In the golden days of Ernest Hemingway’s youthful career as a writer, he and his athletic first wife Hadley used to escape wintery, gray Paris for a sunny ski town in Austria. In the 1920s, they could live in Schruns on a shoestring all winter, enjoying crisp snow and roaring fires. Hadley cheerfully hiked up and skied down bunny hills just behind the hotel while the great man labored at his writing, then joined him for cozy evenings.
A couple of weeks ago I made a literary pilgrimage to the town of Schruns. (Actually, it was more of a flying visit on a gray rainy day). There is not a whole lot to see, but I found it moving to stand outside the actual railway station where Hadley and their toddler son Bumby waited to meet Hemingway after he returned from a pivotal meeting in New York, where he made his first major sale.
What Hadley didn’t know at the time was that Hemingway had spent the previous few days with Pauline Pfeiffer, her supposed best friend. Pauline would shortly become the second Mrs. Hemingway.
The station is just a short walk from the hotel where the young family stayed–and where Pauline had previously insinuated herself for months, supposedly to keep Hadley company, while she single-mindedly pursued Hemingway. Hadley must have been a little dim to have missed all this going on under her nose, especially when Pauline and Hemingway left at the same time.
Anyway, the hotel still stands.
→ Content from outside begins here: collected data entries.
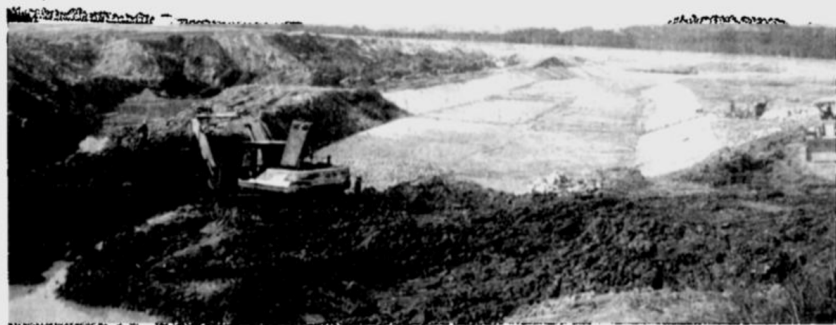
WORK IN PROGRESS ... to level the river bed of Sungai Air Hitam and developed it into a lake garden.

There will be a Plaza Cempaka to sell handicraft and a food court.
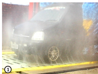
Under Chassis Wash
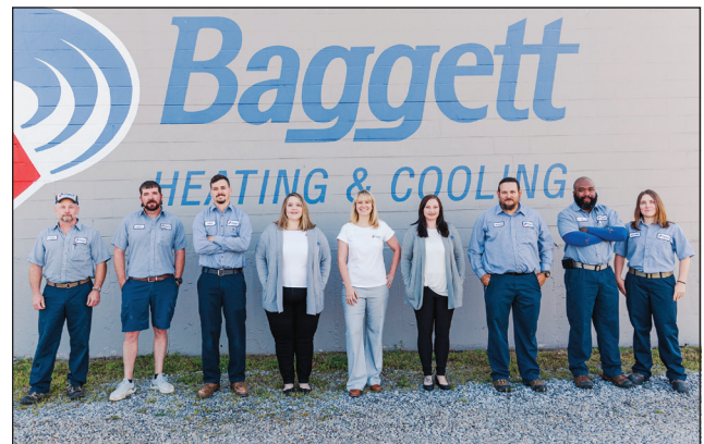
Winner of the Western Region's 2020 QCN Excellence Award is Baggett Heating & Cooling.
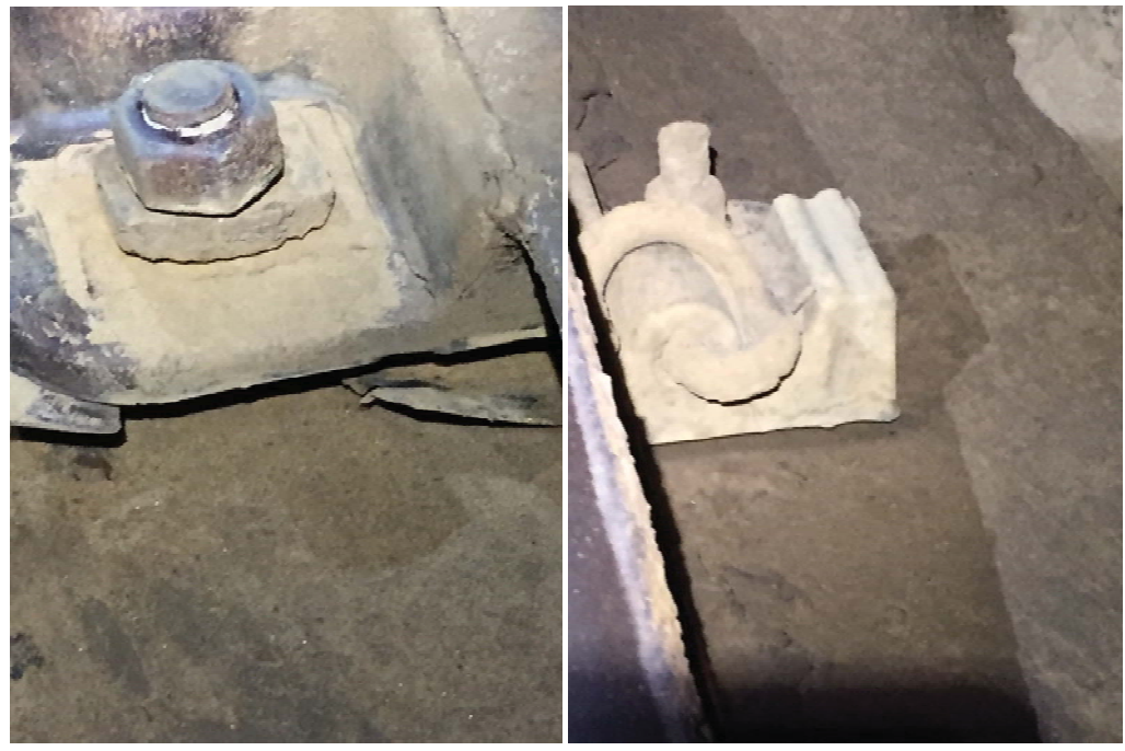
Figures 2 and 3: Sample of conditions between G1 408+10 and 408+20 elastic fastener and rail suspended from grout pad.
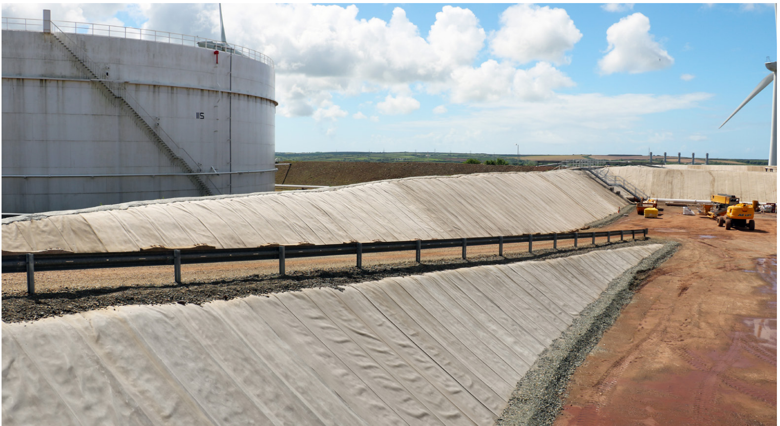
Access ramp detail
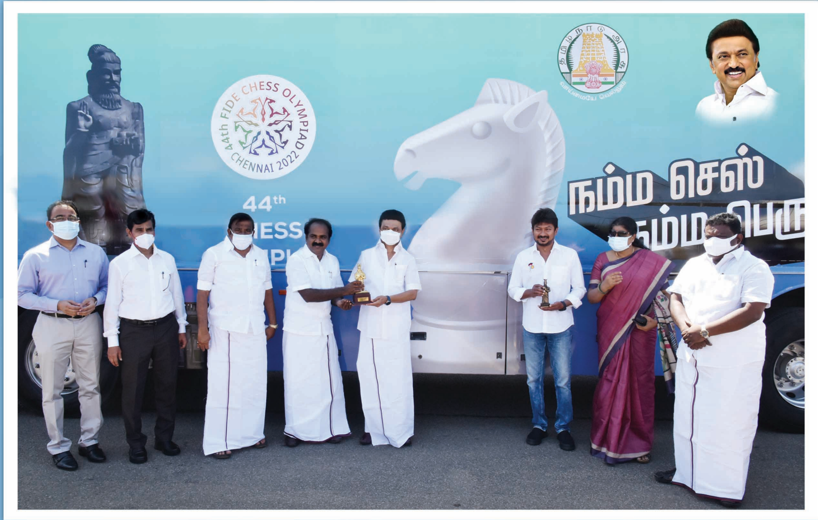
Hon'ble Chief Minister of Tamil Nadu Thiru. M. K. Stalin flagged off 15 buses sporting the logo, symbol and tag-lines of the 44 th Chess Olympiad-2022 competition, to advertise the event and create awareness about it, at Kamarajar Salai, Chennai on 01.07.2022.
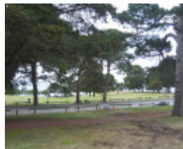
H2095 Eastern Park_10.2005
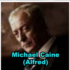
Michael Caine (Alfred)
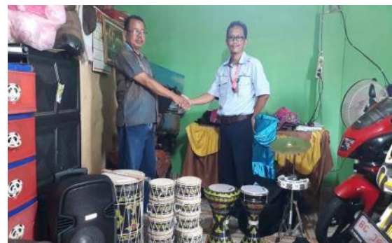
Handover materials for Marawis group in Dalam village
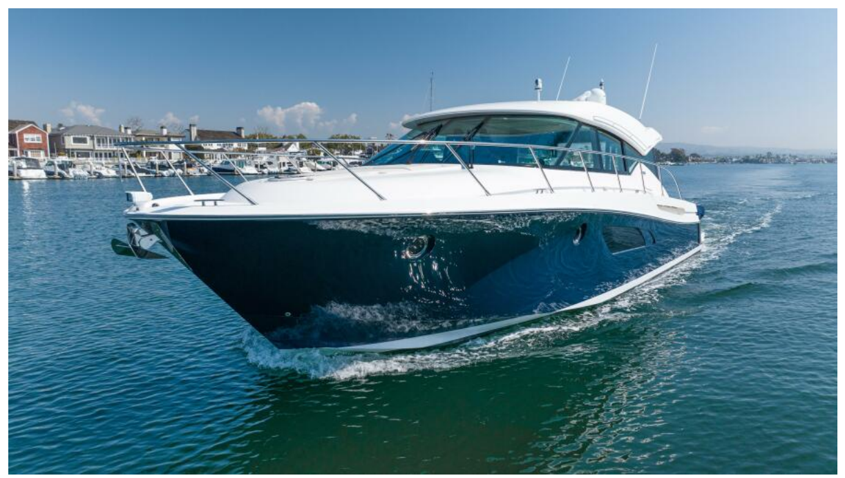
2017 Tiara 53 Coupe - SAY ANYTHING
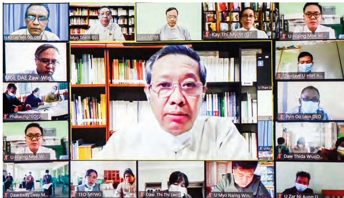
Union Minister Dr Myo Thein Gyi holds a virtual meeting with teachers from basic education and the technological and vocational education sectors on 29 December.
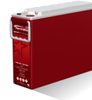
NSB 100FT HT RED
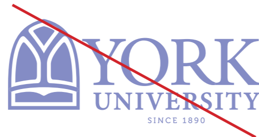
Do not change the opacity of the logo.
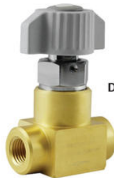
D43712 / D43715
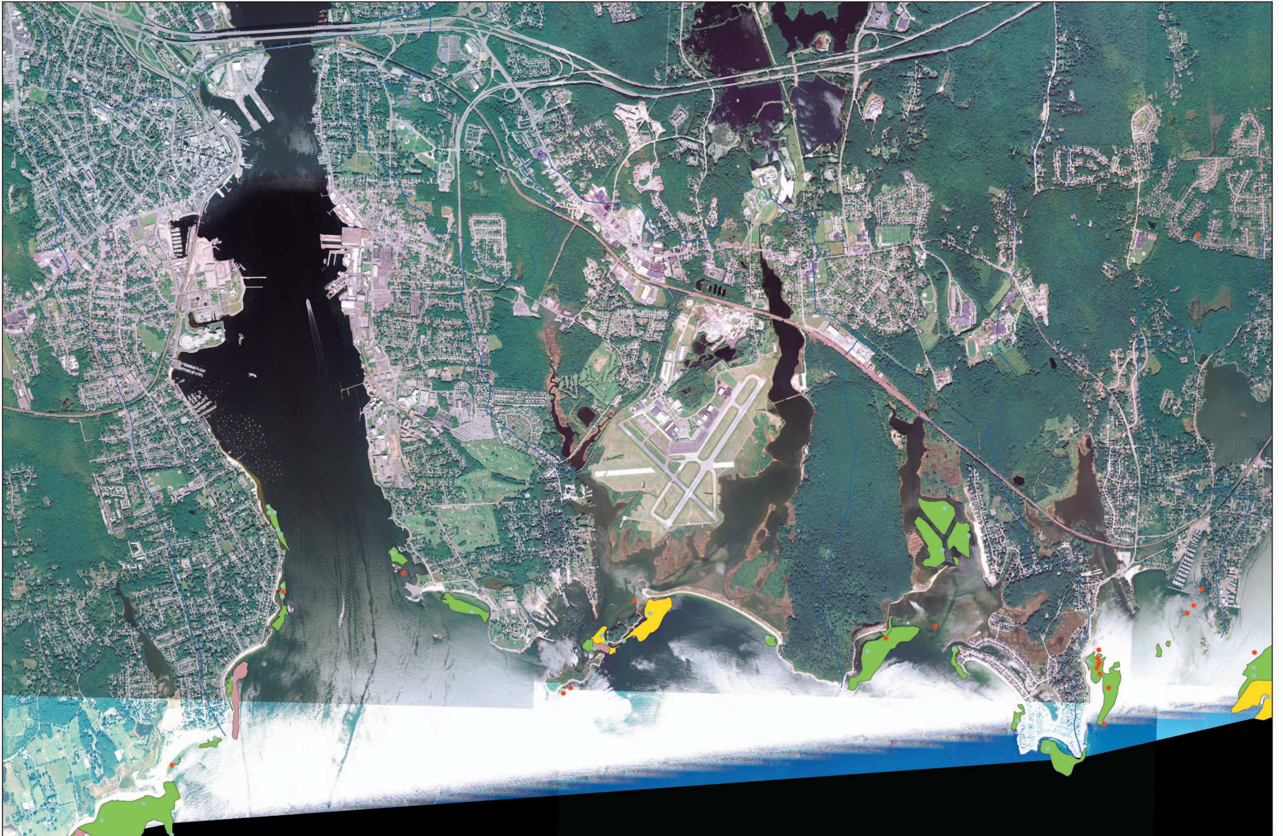
Study Area Locus Map
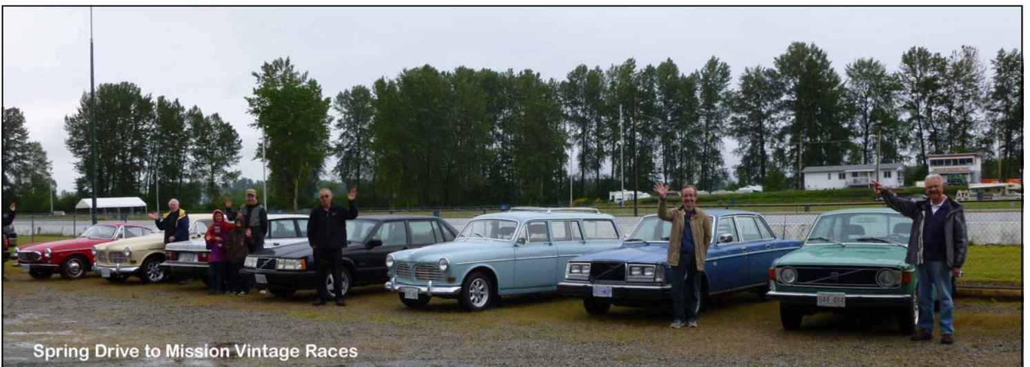
Spring Drive to Mission Vintage Races
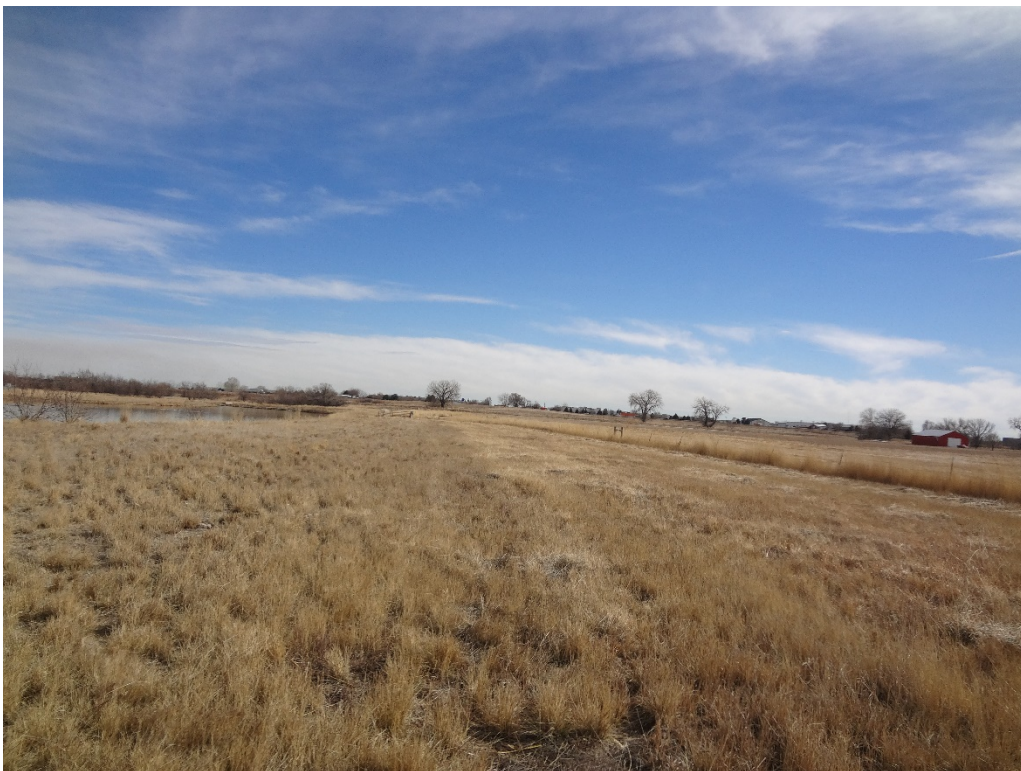
View of south shoreline from the SW corner looking north
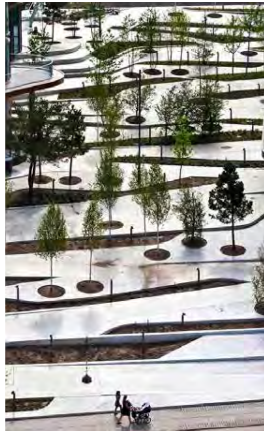
A path zigzags up from Baernstorffsgade street.

Although the City Dune is a privately-owned property of SEB, the site must remain open to the public according to Danish laws. The City Dune is successful in making the entire complex a pleasant and accessible place in the city.
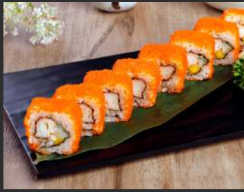
California Roll 450 カリフォルニアロール kanikama, ripe mango, cucumber, shrimp roe
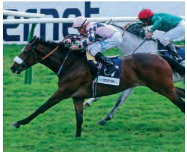
CHIBERTA KING wins the first leg of the Newmarket treble
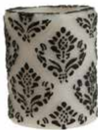
NL046 7.5cm recessed

colours: white + black scent: coconut & lime
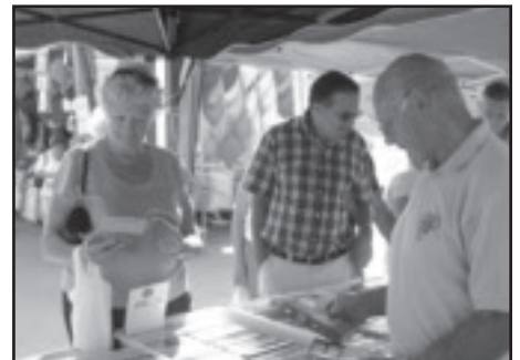
Shoppers browse the Lions’ bookstall

The sun shines day after day in Teulada-Moraira, a small resort town on the coast in Spain. Crowds of tourists and locals, many retired, flock to the sandy beaches, where paperback books are de rigueur. That’s why Lions staff a bookstall twice a month. In four years they’ve sold 20,000 books, some of them several times after thoughtful patrons return them.
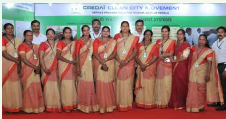
2016 CREDAI Clean City Movement team.

CCCM vehicles for the collection of Non Bio Degradable waste.
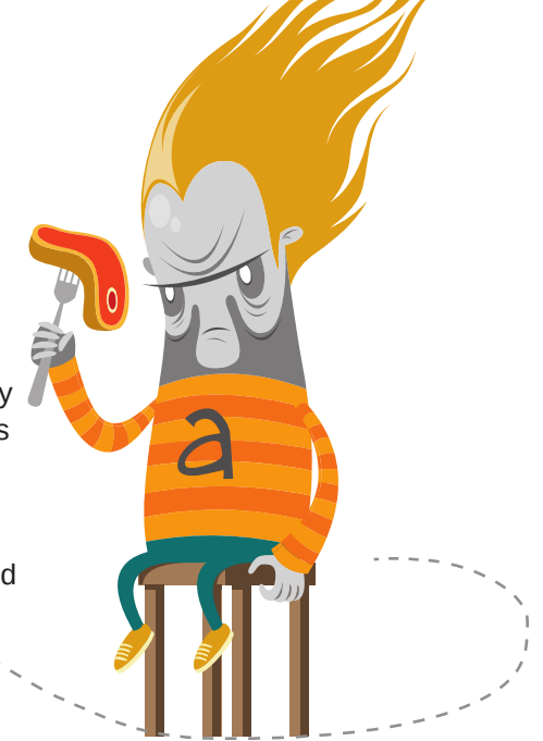
Mary Had a Little Lamb and a Lot of Beef and a Lot of Ham

Imagine a clan of identical triplets, grown up and newly inducted into the glorious ranks of senior citizenry. Triplet A all lifelong has eaten many burgers and fries, and all day long has worked with his hands and on his feet. Triplet B has prepared meals mostly from scratch, and has packed sandwiches to work, where he has sat on his duff under fluorescent lighting talking into cellphones and staring into computers. Triplet C has eaten mostly raw and mostly vegan, and has taught yoga at a health and fitness spa. Who might you wager will live longer?
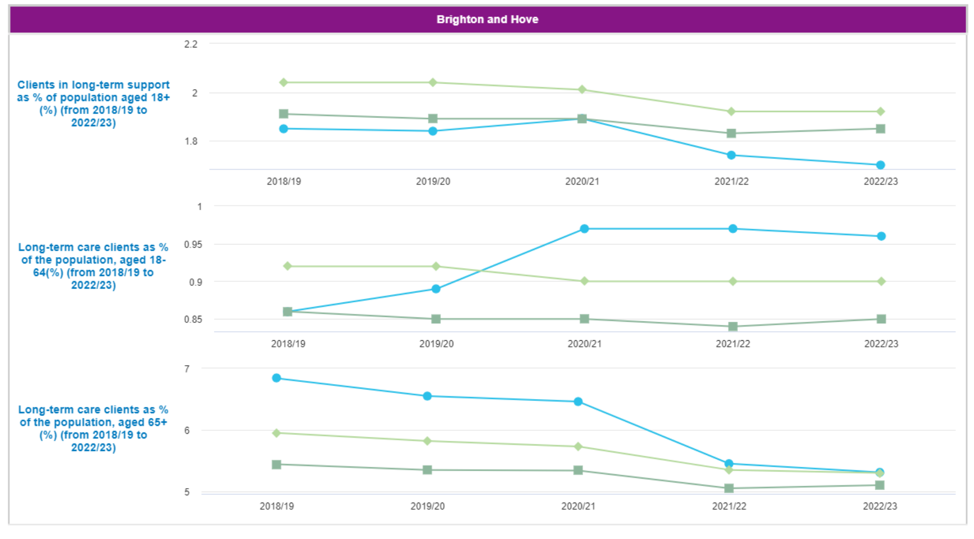
Clients in long-term support as a per cent of the population, by age for Brighton and Hove

It’s been remodeled inside, but there is still an actual table from the bar as it was in 1922, when Hemingway regaled Hadley, Pauline and his cronies with his skiing and writing exploits.
I’m about to re-read Hemingway’s own account of that time in his memoir, A Moveable Feast.
Recently I read an interesting account of Hadley’s life with Hemingway in The Paris Wife by Paula McLain.